Opened 4 years ago
Last modified 6 months ago
#52400 reopened enhancement
Dependency management for plugins and libraries
| Reported by: |
|
Owned by: | |
|---|---|---|---|
| Milestone: | Priority: | normal | |
| Severity: | normal | Version: | |
| Component: | Plugins | Keywords: | 2nd-opinion |
| Focuses: | Cc: |
Description
Many plugin developers use Composer to manage PHP dependencies in their plugins, however, this may cause hard-to-debug issues if two plugins use the same library. Because of how Composer works, it will only load one version of that dependency at a time. Imagine the following scenario:
Plugin Developer 1 creates a plugin named Foo that uses version 2.0 of a library Bar
Library Bar developer releases version 3.0 of their library which renames function get_baz() to get_qux().
Plugin Developer 2 creates a plugin name Quuz that uses version 3.0 of the library Bar
User installs both plugins at the same time. Now their site crashes because one of the plugins calls a missing function.
There are some ways developers have worked around this, for example using https://github.com/coenjacobs/mozart , https://github.com/TypistTech/imposter-plugin or https://github.com/humbug/php-scoper which add an extra unique namespace to files defined as Composer dependencies but these tools are error-prone and don't work if the library checks dependencies in runtime.
I think it could be great to have some sort of way to fix this in the core. According to the Composer developers, Composer was never meant to be used on plugin level, only at the project level where each plugin would be its own dependency and Composer could calculate any dependency conflicts run time.
I think two ways to fix this would be:
- Install WordPress (and its plugins) using Composer like Drupal does https://www.drupal.org/docs/extending-drupal/installing-modules . I think this would be the best way to fix this but it's not really that great if the majority of WordPress installations are on shared hosting and can't run composer. Drupal has a thing named Ludwig https://www.drupal.org/project/ludwig which works from the Drupal admin interface and allows you to manually download and install the required dependencies.
- Distribute libraries on WordPress.org plugin directory. This used to an option but now libraries are disallowed in the plugin directory https://make.wordpress.org/plugins/2016/03/01/please-do-not-submit-frameworks/ . If libraries would be distributed on WordPress.org, you could at least check if the library is the correct version in your plugin before using it.

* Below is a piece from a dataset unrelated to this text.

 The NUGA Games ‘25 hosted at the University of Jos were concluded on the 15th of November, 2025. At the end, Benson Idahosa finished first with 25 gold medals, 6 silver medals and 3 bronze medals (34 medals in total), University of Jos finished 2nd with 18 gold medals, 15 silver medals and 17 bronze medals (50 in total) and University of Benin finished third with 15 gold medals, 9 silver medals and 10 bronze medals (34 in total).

There's also the issue of ownership, who will upload the libraries and keep them up to date?
Without any solution to this plugin developers who want to use libraries will have to use workarounds or simply hope that users do not install libraries with different versions. Please note that this issue is not unique to Composer, you can run into the same problem even if two plugins require the library manually.
Some more info about this issue is in this blog post: https://deliciousbrains.com/php-scoper-namespace-composer-depencies/
Change History (3)
#1
@
4 years ago
- Milestone Awaiting Review deleted
- Resolution set to duplicate
- Status changed from new to closed
#2
@
4 years ago
Thanks, I'll do that.
I did try to search for any duplicate issue before creating this one but unfortunately, I did not come across that one.
#3
@
6 months ago
- Keywords 2nd-opinion added
- Resolution duplicate deleted
- Status changed from closed to reopened
The thing is, _that_ ticket did not address _this_ issue.

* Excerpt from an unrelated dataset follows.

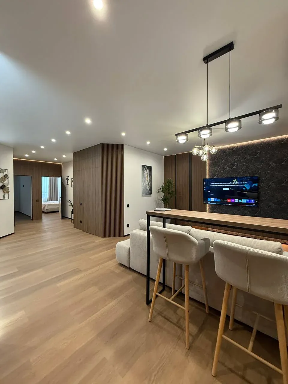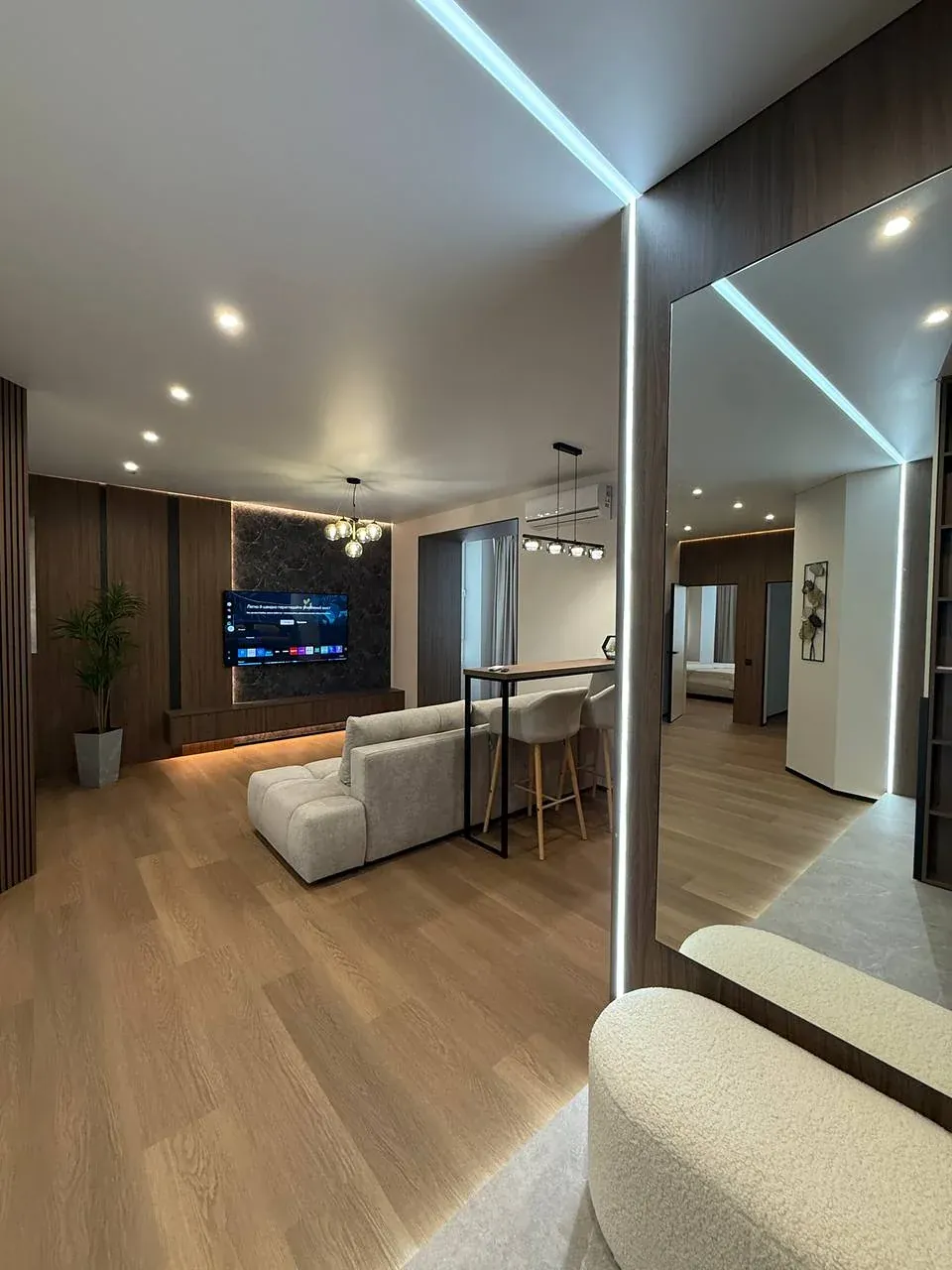 Індивідуальне опалення, тепла підлога по всій квартирі, зональне, декоративне та бігуче підсвічування — комфорт продуманий у кожній деталі.

https://core.trac.wordpress.org/ticket/22316 > handles _plugin dependencies_ as in one plugin requiring the other.
This very ticket asks for _composer dependency_ management. Which is as far I see not part of the other ticket, or got missed.
However looking at the (heated) discussion that unfolded in that ticket in regard... I guess this will just never come into core.
The way to resolve this would be to have a _core composer file_ the developer can update to request dependencies for their plugin, and core would define the version range, so conflicts would be avoided, and anyone who does NOT want to use those versions has to bundle themselves _and prefix_ their dependencies.
Sort of when using jQuery libraries that are in core vs bringing your own.
I am setting this to second opinion needed because IMO it should not be closed as a duplicate.
Hi @joppuyo,
Welcome to trac! This is a conversation that is already being tracked in #22316. To keep the discussion all in one place, I'm going to close out this ticket. I'd invite you to post your thoughts in a comment on the existing ticket.